## EXERCISE AIM
Transcribe every line below exactly; no image goes into the output.

## SOURCE DATA
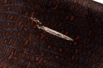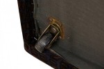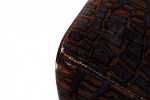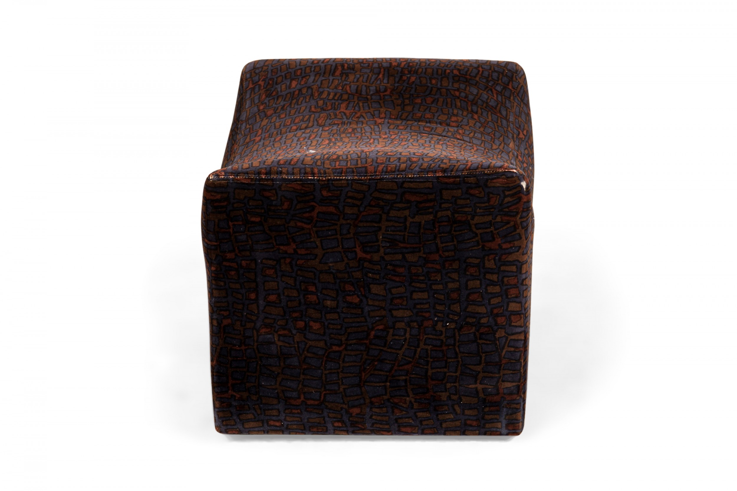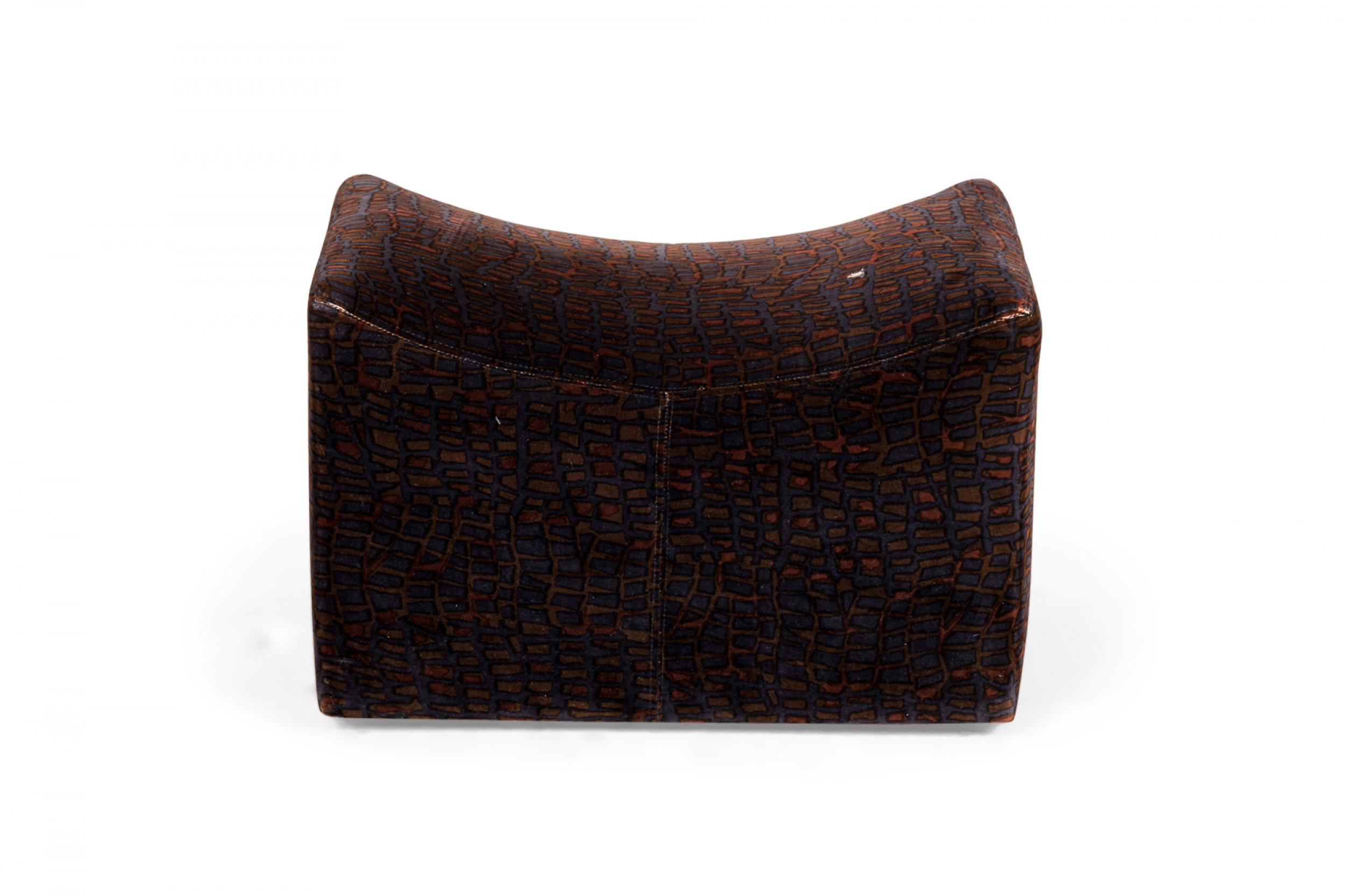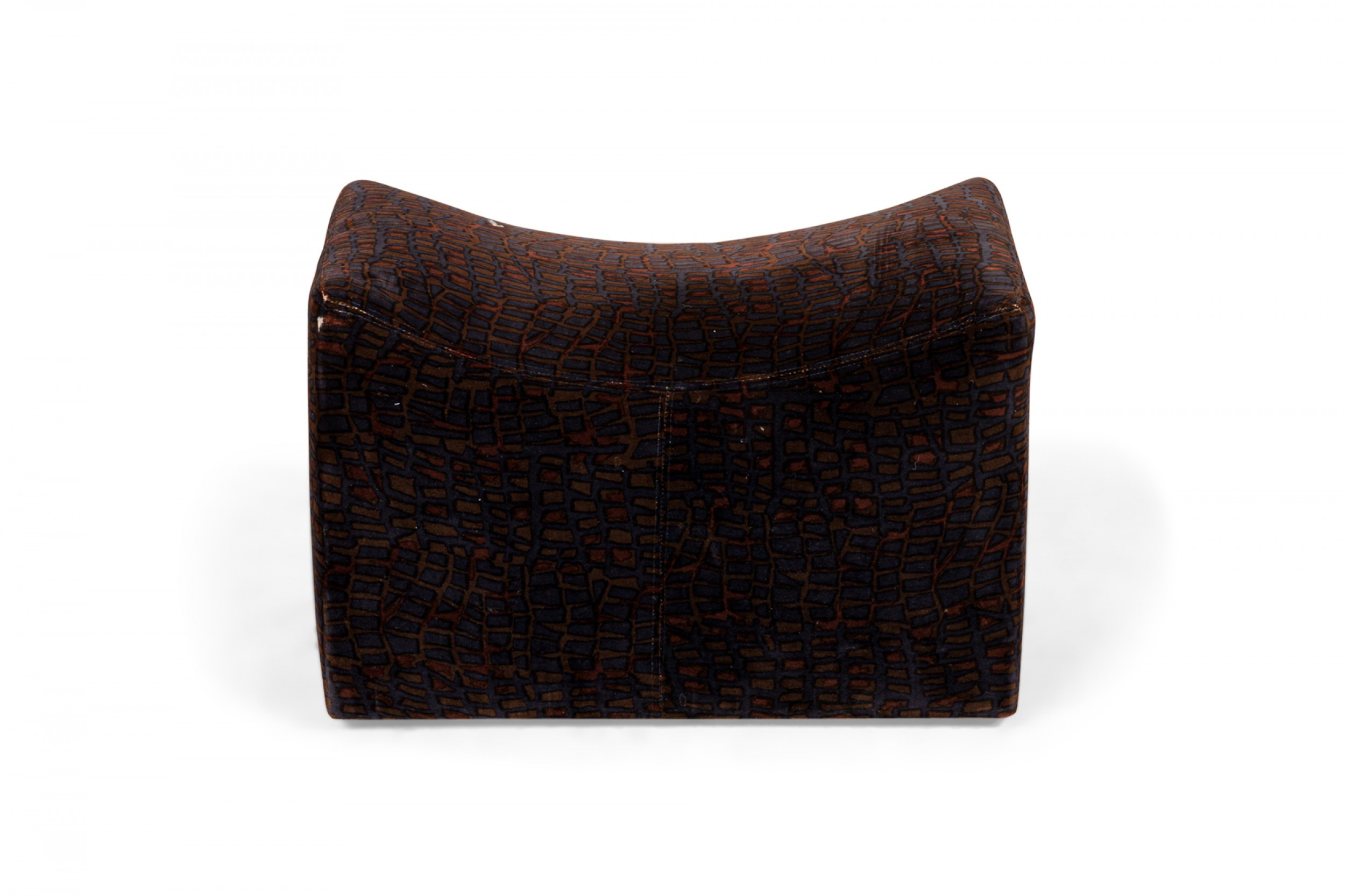 PAIR of American Mid-Century rectangular saddle form ottomans with velvet faux crocodile patterned purple, black, and brown upholstery and scooped tops, resting on four concealed casters. (MILO BAUGHMAN)(PRICED AS PAIR)
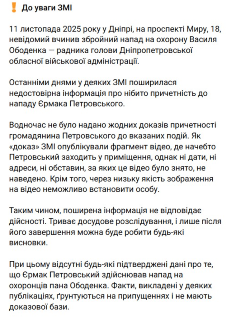 Вірогідно, представники Олександра Петровського («Нарік»), який з початку війни перебуває у Відні, оприлюднили заяву, у якій заперечується причетність його сина Єрмака до стрілянини у Дніпрі та фактично звинувачується у поширенні недостовірної інформації низка українських медіа.
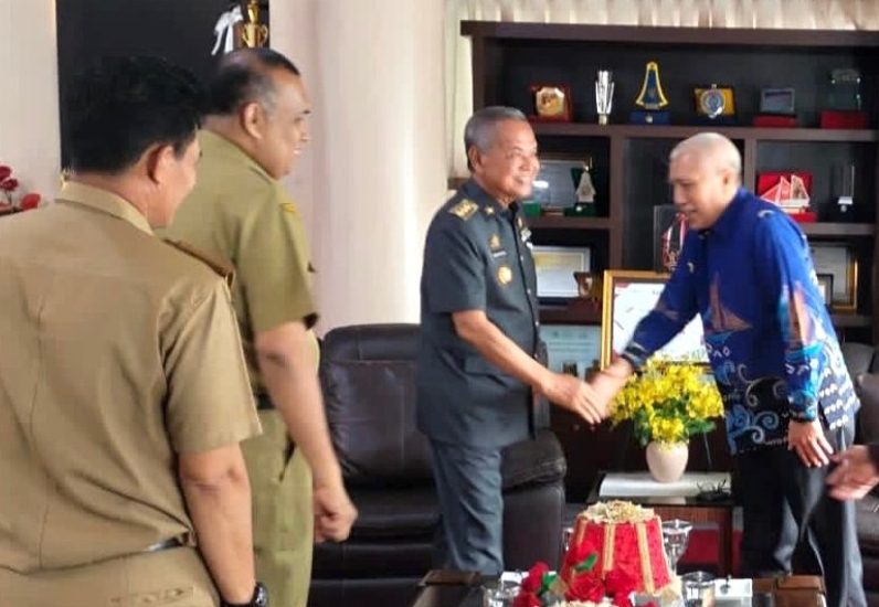 Bupati Luwu,Dr.H. Basmin Mattayang didampingi Asisten I Ahyar Kasim dan Kepala Bappeda Dr Moh Arsal Arsyad menerima kunjungan Rektor Unifa Muliyadi Hamid,Selasa(10/1/2023)

## ANSWER TO THIS PROBLEM
 PAIR of American Mid-Century rectangular saddle form ottomans with velvet faux crocodile patterned purple, black, and brown upholstery and scooped tops, resting on four concealed casters. (MILO BAUGHMAN)(PRICED AS PAIR)
 Вірогідно, представники Олександра Петровського («Нарік»), який з початку війни перебуває у Відні, оприлюднили заяву, у якій заперечується причетність його сина Єрмака до стрілянини у Дніпрі та фактично звинувачується у поширенні недостовірної інформації низка українських медіа.
 Bupati Luwu,Dr.H. Basmin Mattayang didampingi Asisten I Ahyar Kasim dan Kepala Bappeda Dr Moh Arsal Arsyad menerima kunjungan Rektor Unifa Muliyadi Hamid,Selasa(10/1/2023)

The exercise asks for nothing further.